DON’T GET ME STARTED!

Albert Einstein, Theoretical Physicist said:

“The man who regards his own life and that of his fellow creatures as meaningless is not merely unfortunate, but almost disqualified for life.”

Vs.

Fritz Nietzsche:

“I will now disprove the existence of all gods. If there were gods, how could I bear not to be a god? Consequently, there are no gods.”

Ahem, and, just who were Nietzsche’s sources of inspiration or Professor/teachers?

Jean Jacques Rousseau believed that humans are inherently good; yet he saw that goodness did not prevail. His political theory described social contracts that would capitalize on this innate goodness. But such notions were soon overturned in the flames of the French Revolution. Any philosophy that assumes that man is innately good finds its optimism ever disappointed, and disproved by history.

In addition to Jean Jacques Rousseau, we should mention Schopenhauer!

By 1865, Nietzsche gave up the study of theology and began to devote increasing amounts of his attention to philology, the science of language. While in Leipzig visiting a friend, Nietzsche happened across a philosophical work which would influence his thought in profound ways. That book was Arthur Schopenhauer’s two volume, The World as Will and Representation, published in 1819.

Schopenhauer was a strange man. He was educated at Germany’s finest institutions including Gotha, Weimar (the home of Goethe) and Jena. In 1819, he became a lecturer at the University of Berlin. While at Berlin Schopenhauer held his lectures at the same time as Hegel but without success. No one came to hear Schopenhauer lecture.

His major contribution was his concept of Subjective Idealism — that the world is my idea, a phantasm of the mind, and therefore, in itself, meaningless. Will, the active side of our nature, or Impulse, is the key to the one thing we know directly from the inside — the self, and therefore the key to the understanding of all things.

It gets better:

Although the will is entirely real, it is not free, nor does it have any ultimate purpose. Rather, it is all-consuming, pointless, and negative, “all life is suffering.”

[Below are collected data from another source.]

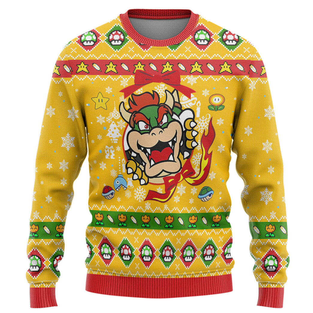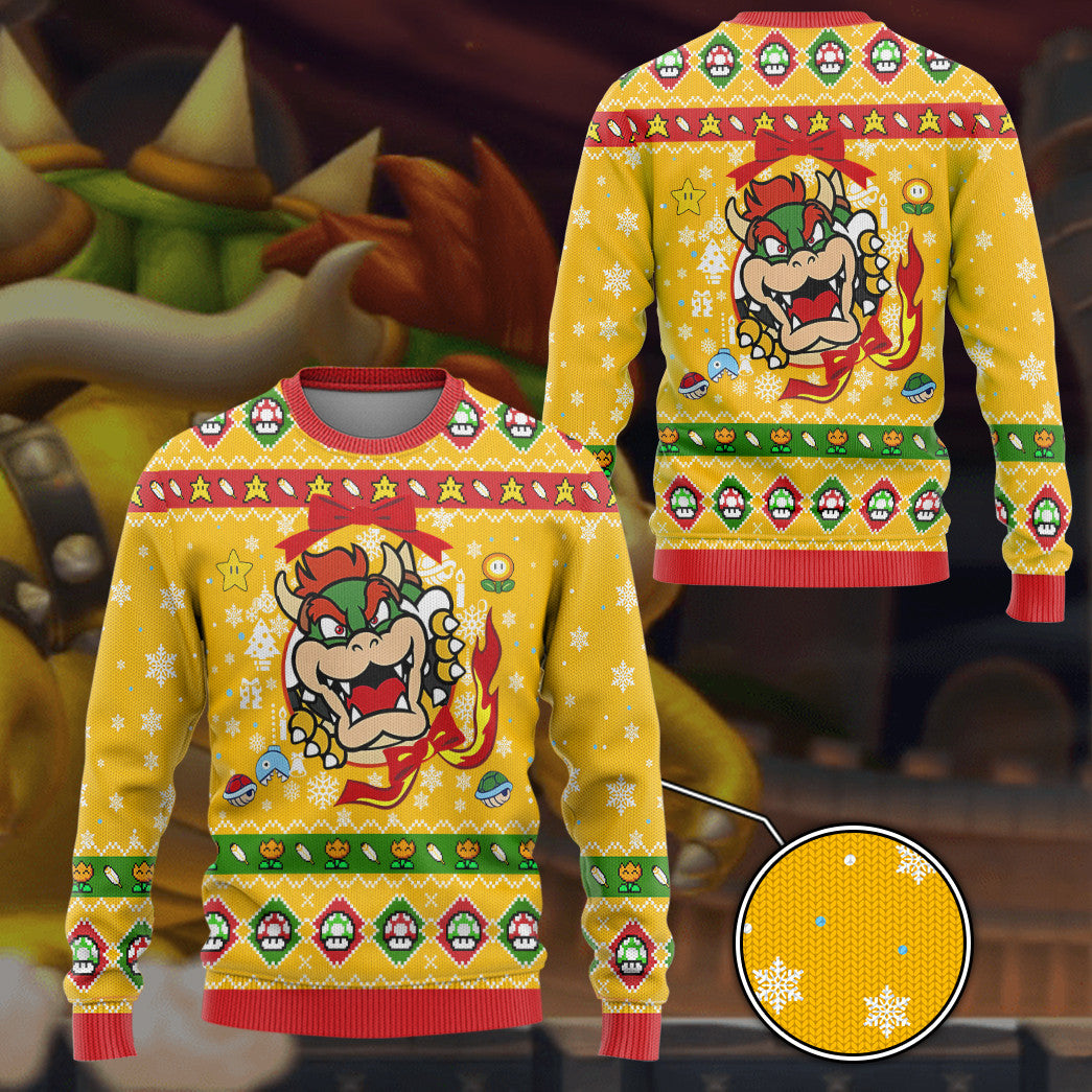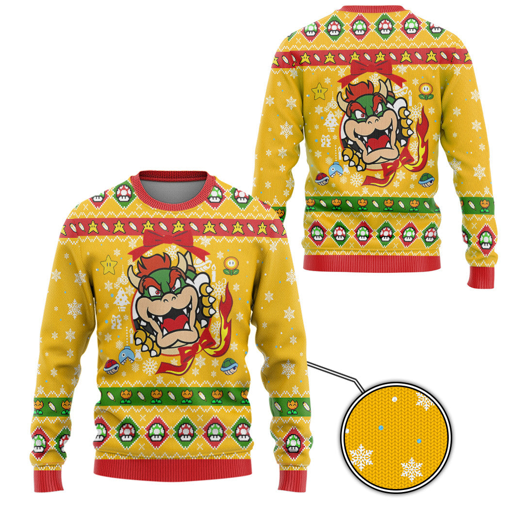 Gearhumans 3D Super Mario Bowser Custom Ugly Christmas Long sleeve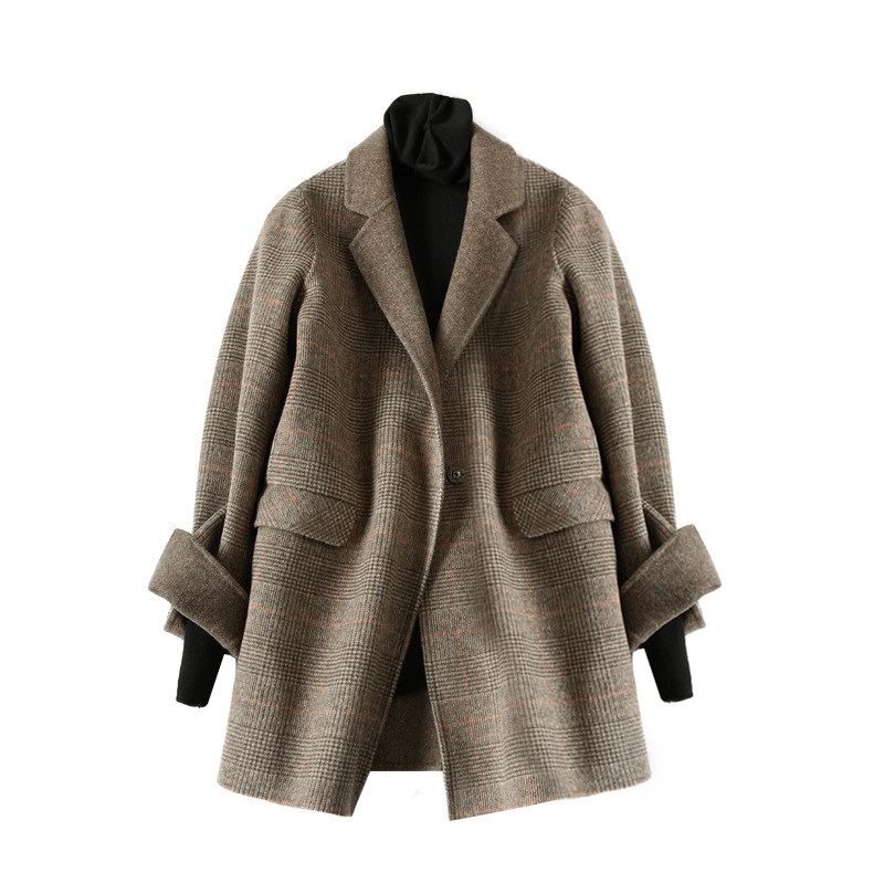 Maje moscoloni double-sided cashmere wool coat women's Korean version loose autumn new plaid suit jacket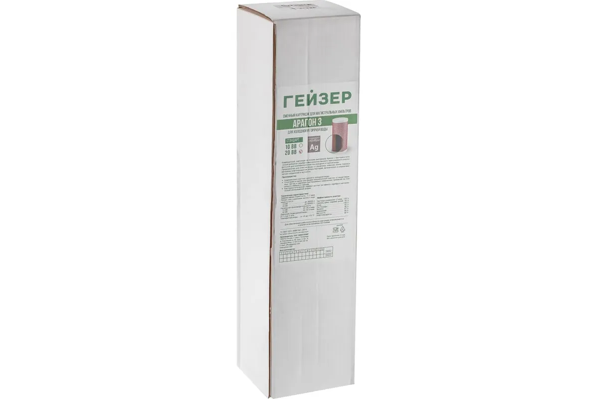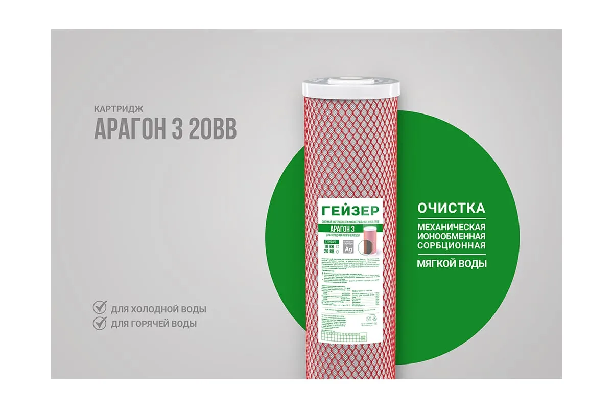 Картридж Арагон-3 20ВВ Гейзер 30056 используется для комплексной очистки горячей и холодной воды в магистральных фильтрах Гейзер Тайфун, а также в любых других корпусах стандарта 20ВВ. Картридж полностью удаляет из воды примеси хлора, органические соединения, соли жесткости, железо, марганец, тяжелые металлы, бактерии. Функция антисброса позволяет не пропускать загрязненную воду, что наглядно проявляется уменьшением напора воды. Картридж состоит из материала Арагон-Ж, применяемого для жесткой воды, и высококачественного активированного прессованного угля.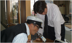 近隣警察署様にご協力いただきまして、緊急強盗対処訓練を実施しました。強盗犯人に扮した警察官2名が模擬ナイフを使用し、乗務員を脅した後、現金を奪い逃走するというものです。犯人への対処要領や、警察への110番通報について訓練を受け、同時に強盗被害に遭わないようにするための接客や心構えについても講習を受けました。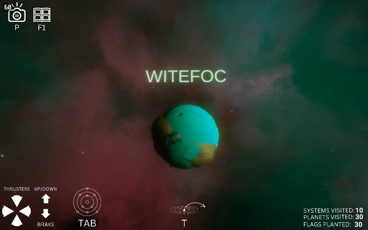 Space Tourist is a chill, mechanic-lite, easy space exploration game designed for tired gamers who love to discover beautiful worlds without overwhelming systems or steep learning curves. Explore space. Land on new worlds. Plant flags. Take photos. Relax.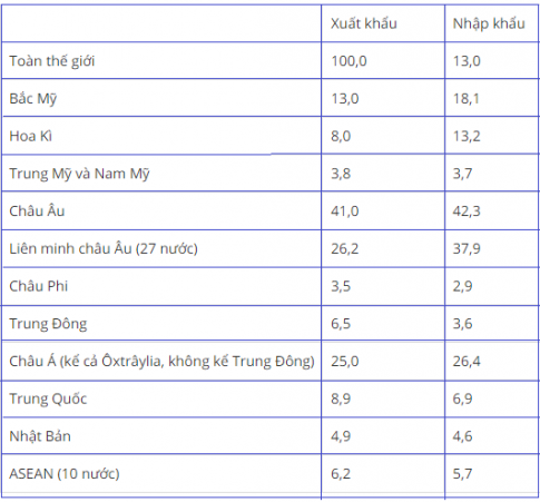 =>Trung Quốc và các nước ASEAN có đóng góp tương đối lớn trong thị trường xuất nhập khẩu thế giới.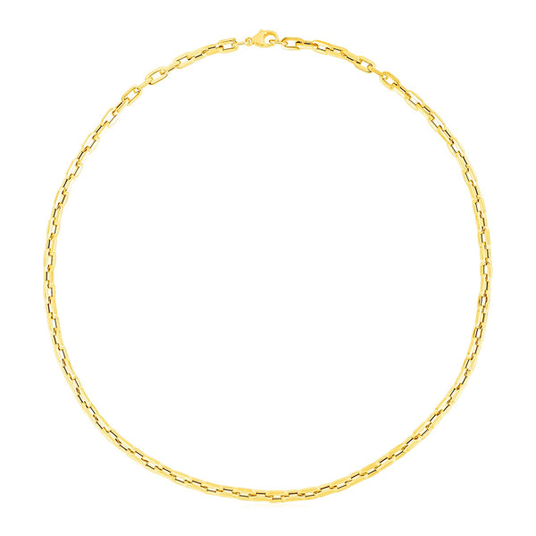 Dazzling links of 14k yellow gold paperclip chain are joined beautifully to create this stunning, versatile necklace. Necklace is 18 inches long and 4.2mm wide.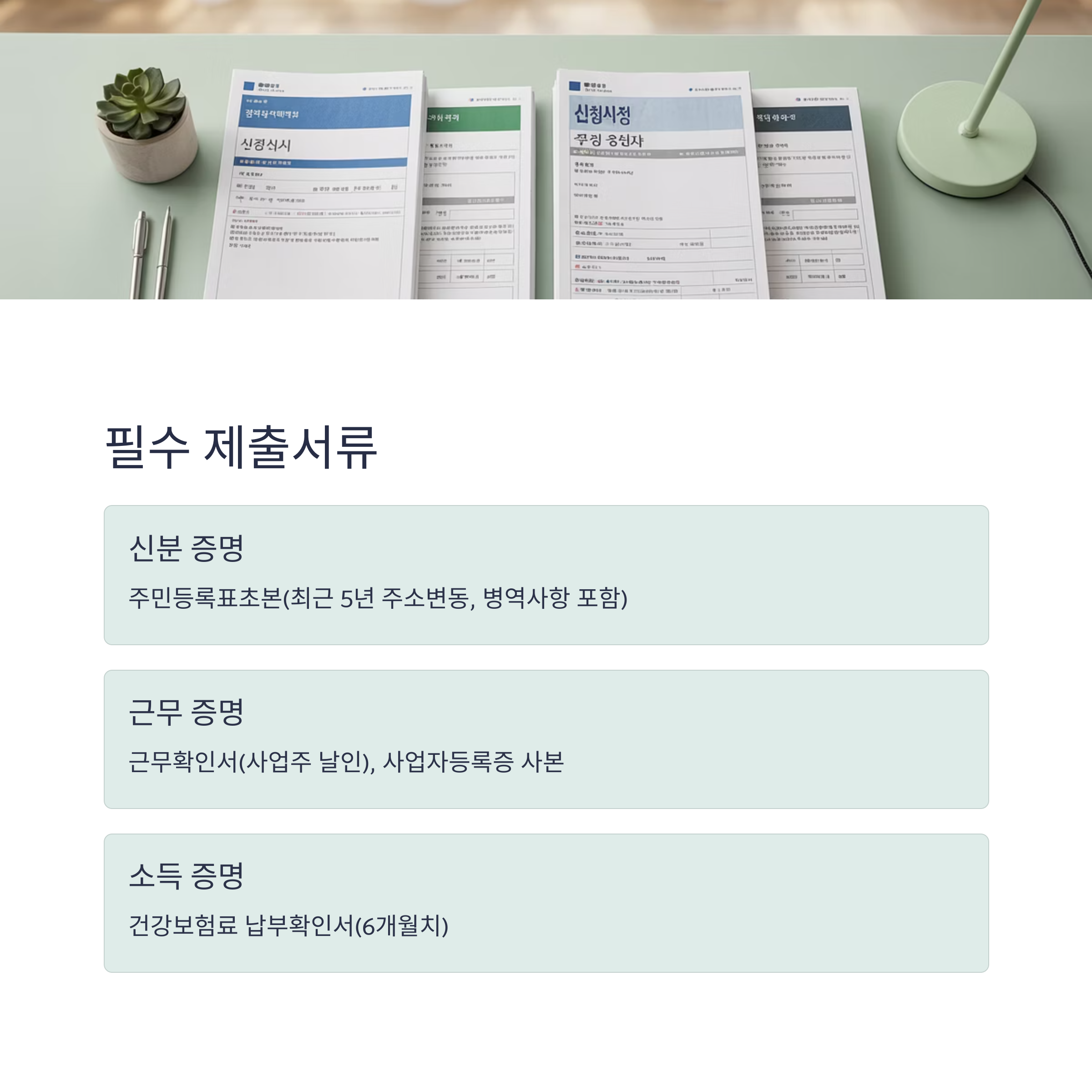 - 건강보험료 납부확인서(6개월치, 국민건강보험공단 발급)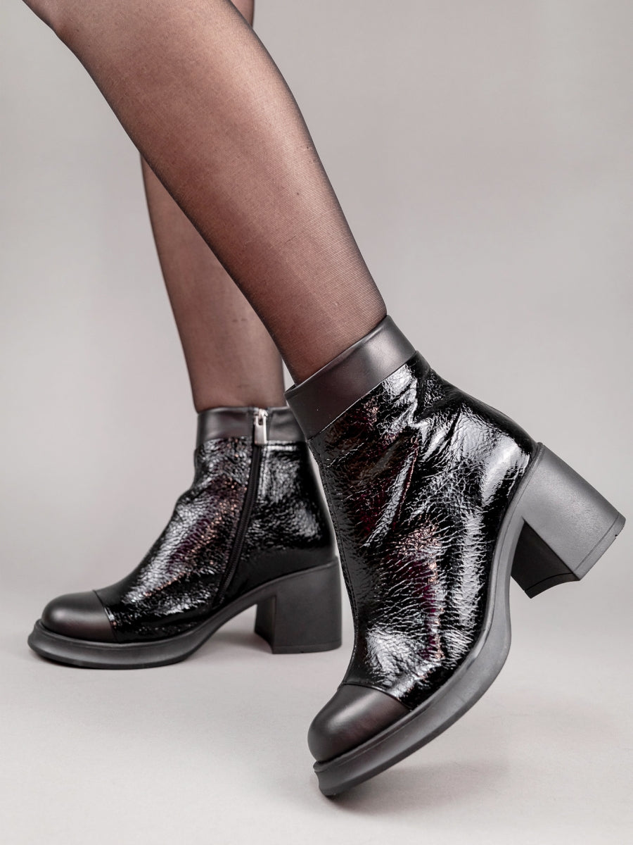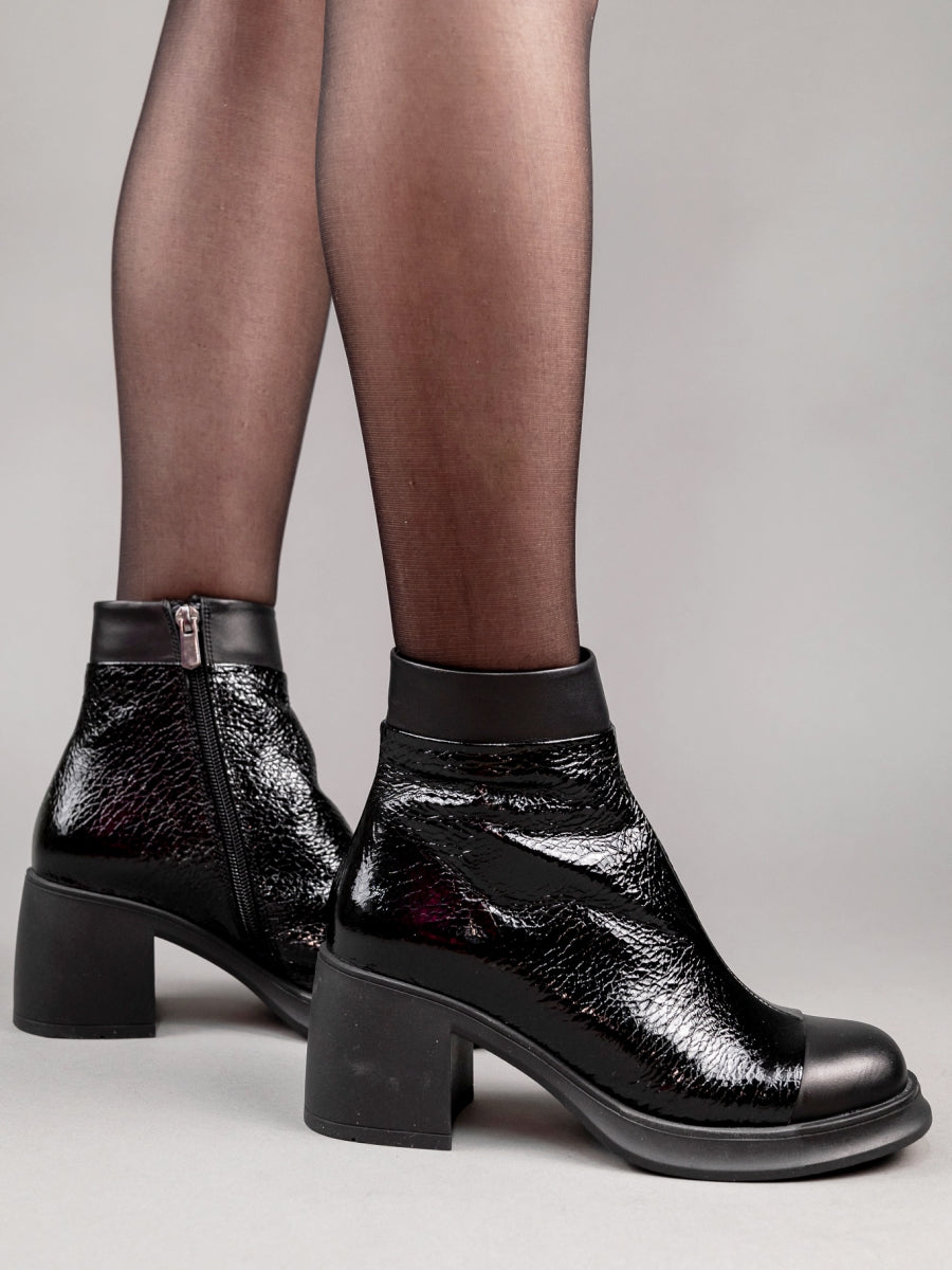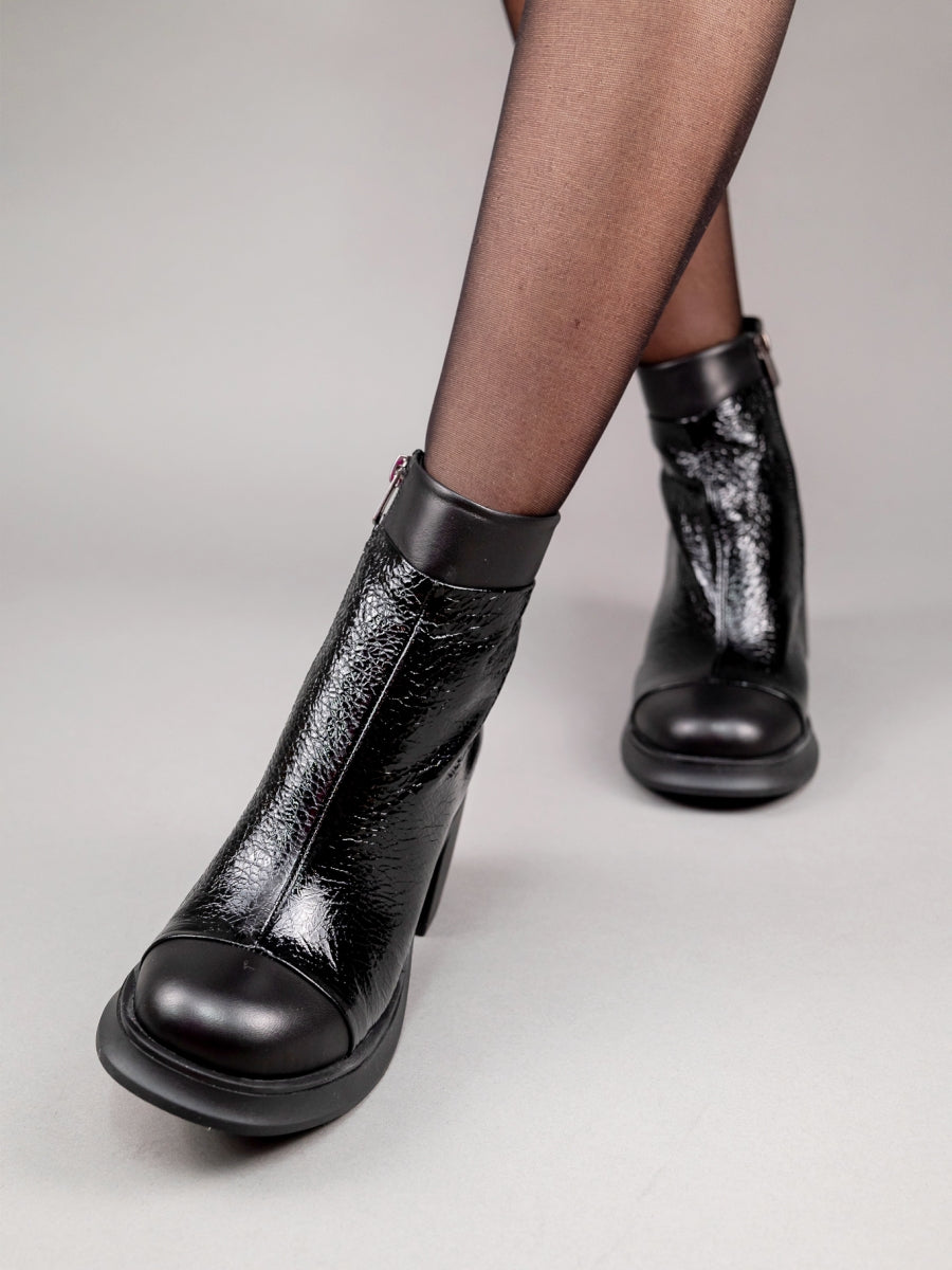 Botine din piele naturala naplac negru combinat cu piele neagra, au fermoar la interior. Talpa este usoara cu toc gros de 7 cm inaltime oferind atat stil cat si confort. Aceste botine sunt perfecte pentru un look elegant si versatil.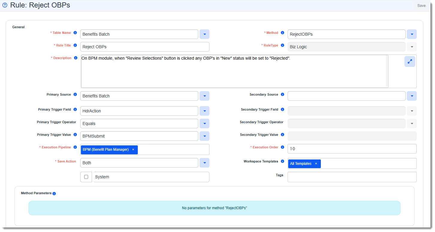 The example below of Reject OPBs business rule configuration shows how a Save operation business rule is set up for BPM. The Primary Trigger Field = HdrAction, the Primary Trigger Operator = Equals, the Primary Trigger Value = BPM Submit ,and the Execution Pipeline = BPM. For a different save operation, a different Primary Trigger Value would be selected: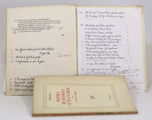Précieux exemplaire abondamment annoté et augmenté par André Frénaud, en différentes campagnes (crayon, stylo bille noir, rouge, bleu). Quatre feuillets autographes sur papier à carreaux insérés dans l’ouvrage. Mention autographe « exemplaire de travail » sur le f. de faux-titre.
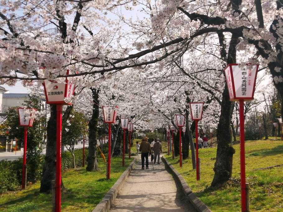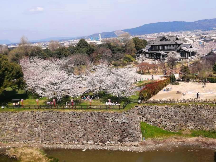 城跡は桜の名所としても有名で、満開の桜のもとで開催される「大和郡山お城まつり」は多くの人々で賑わう。

His ideas were strongly influenced by the Upanishads and Buddhism. Schopenhauer was the first major European philosopher to make a point of atheism; however, he admired the asceticism of Christianity and Buddhism, declaring that after removing the dogmas these religions have as their philosophical underpinning the abolition of the will.

Ha!

So much for the Happy Buddha! (smile)

Schopenhauer’s strongest influence was on Nietzsche, Freud, Wittgenstein, and musician Richard Wagner, whose Tristan and Isolde puts to music the BLIND WILL. (Yeah, That Blind Will tune must have been Hitler’s favorite - Hitler was a spiritual child of Neitzsche;)

See:

http://www.catholiceducation.org/articles/civilization/cc0009.html

Friedrich Nietzsche was influenced by Rousseau and later was to call himself “the Anti-Christ,” and wrote a book by that title. He argued for atheism as follows:

He scorned reason as well as faith, often deliberately contradicted himself, said that “a sneer is infinitely more noble that a syllogism” and appealed to passion, rhetoric and even deliberate hatred rather than reason.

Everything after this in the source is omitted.